With pictures left out, output exactly the lines of the listing below from the line that has "This alluring romper" to the line that has "2020년 밀알복지재단 법인사무처 1차 추가경정예산 공고", both lines kept.

**SOURCE MATERIAL:**
══════════
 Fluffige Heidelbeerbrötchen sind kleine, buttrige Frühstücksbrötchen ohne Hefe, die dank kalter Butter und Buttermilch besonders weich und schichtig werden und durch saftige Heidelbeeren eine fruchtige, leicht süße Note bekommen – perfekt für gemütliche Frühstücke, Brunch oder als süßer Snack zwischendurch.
══════════
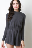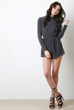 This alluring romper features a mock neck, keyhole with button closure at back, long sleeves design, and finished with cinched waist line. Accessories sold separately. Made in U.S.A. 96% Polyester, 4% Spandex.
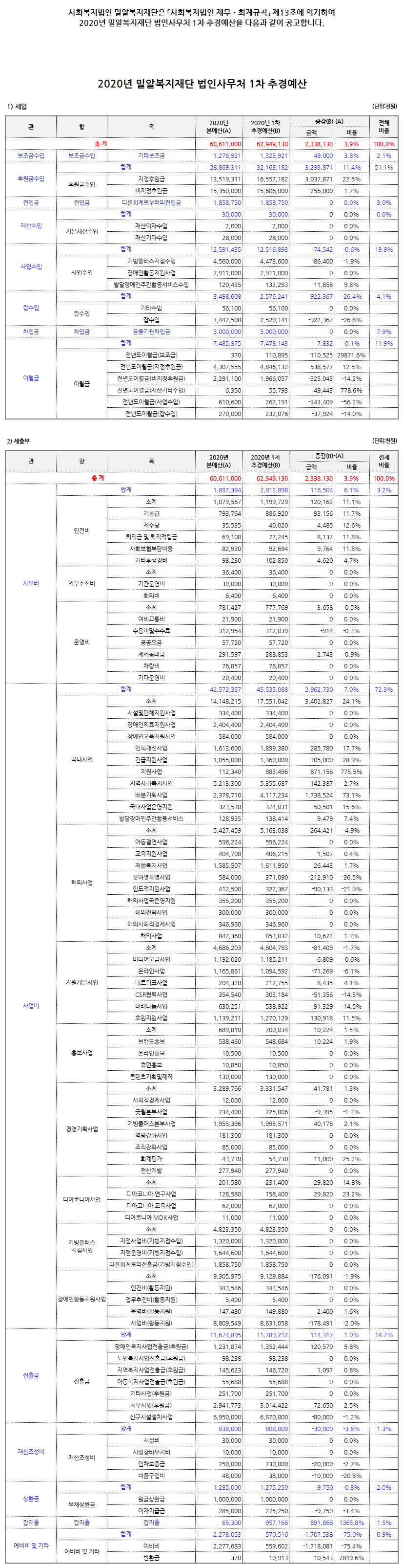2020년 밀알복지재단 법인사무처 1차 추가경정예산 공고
══════════
**RESPONSE BELOW:**
 This alluring romper features a mock neck, keyhole with button closure at back, long sleeves design, and finished with cinched waist line. Accessories sold separately. Made in U.S.A. 96% Polyester, 4% Spandex.
2020년 밀알복지재단 법인사무처 1차 추가경정예산 공고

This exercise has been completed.